[Date Prev][Date Next][Thread Prev][Thread Next][Date Index][Thread Index]

Re: [Xen-devel] [PATCH v6 24/29] xen/x86: allow HVM guests to use hypercalls to bring up vCPUs



>>> On 28.09.15 at 18:09, <roger.pau@xxxxxxxxxx> wrote:
> El 21/09/15 a les 17.44, Jan Beulich ha escrit:
>>>>> On 04.09.15 at 14:09, <roger.pau@xxxxxxxxxx> wrote:
>>> Allow the usage of the VCPUOP_initialise, VCPUOP_up, VCPUOP_down and
>>> VCPUOP_is_up hypercalls from HVM guests.
>>>
>>> This patch introduces a new structure (vcpu_hvm_context) that should be used
>>> in conjuction with the VCPUOP_initialise hypercall in order to initialize
>>> vCPUs for HVM guests.
>>>
>>> Signed-off-by: Roger Pau Monnà <roger.pau@xxxxxxxxxx>
>>> Signed-off-by: Andrew Cooper <andrew.cooper3@xxxxxxxxxx>
>> 
>> So this bi-modal thing doesn't look too bad, but a concern I have is
>> with the now different contexts used by XEN_DOMCTL_setvcpucontext
>> and VCPUOP_initialise.
> 
> Yes, that's far from ideal.
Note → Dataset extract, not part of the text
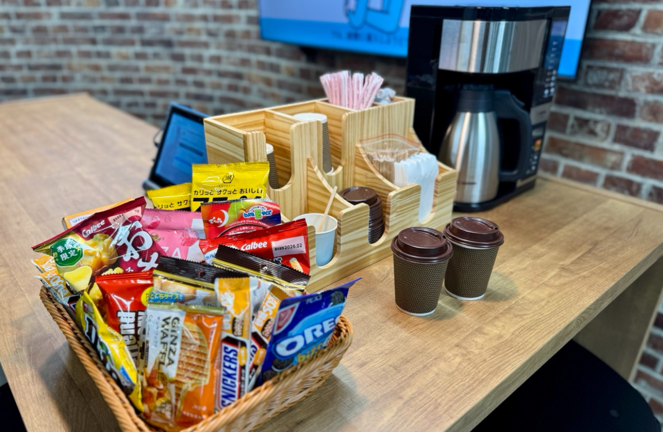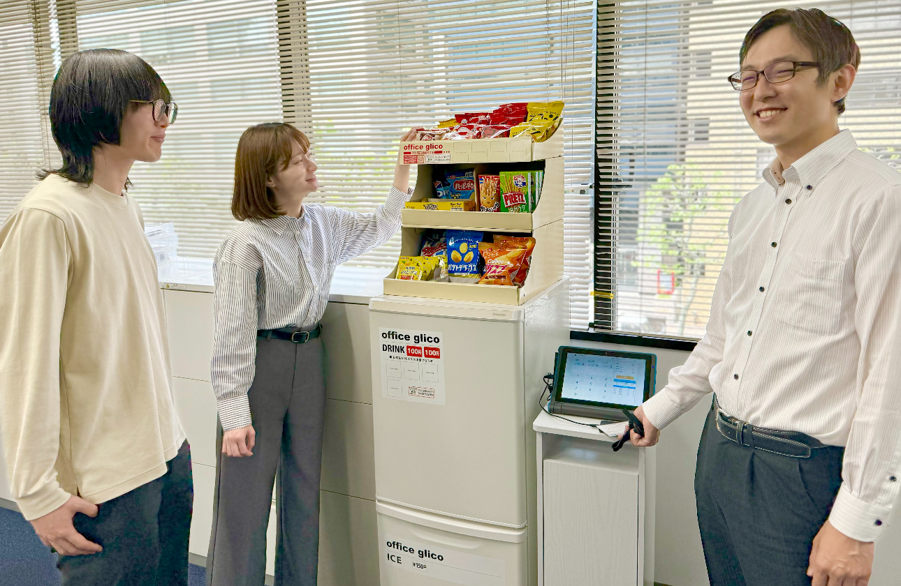 スナックからドリンク、アイスクリームまで取り揃えており、現金不要の給与天引きで気軽に空腹を満たせます。

I was going to say that
> XEN_DOMCTL_{set/get}vcpucontext should return EOPNOTSUPP when executed
> against HVM guests, but that's going to break current toolstack code
> that relies on this in order to perform suspend/resume of HVM guests
> (and gdbsx would probably also be affected).
> 
> If you feel that would be a better solution I could fix current tools
> code in order to use XEN_DOMCTL_{get/set}hvmcontext instead of
> XEN_DOMCTL_{set/get}vcpucontext when dealing with HVM guests.

That might be a follow-up thing, subject to the tools maintainers
agreeing.

>>> +    if ( !paging_mode_hap(v->domain) )
>>> +        v->arch.guest_table = pagetable_null();
>> 
>> A comment with the reason for this would be nice. I can't immediately
>> see why this is here.
> 
> guest_table contains uninitialized data at this point, which makes
> pagetable_is_null return false. Other places where guest_table is set
> check if previous guest_table is null or not, and if it's not null Xen
> will try to free it, causing a bug. hvm_vcpu_reset_state does something
> similar when setting the initial vCPU state.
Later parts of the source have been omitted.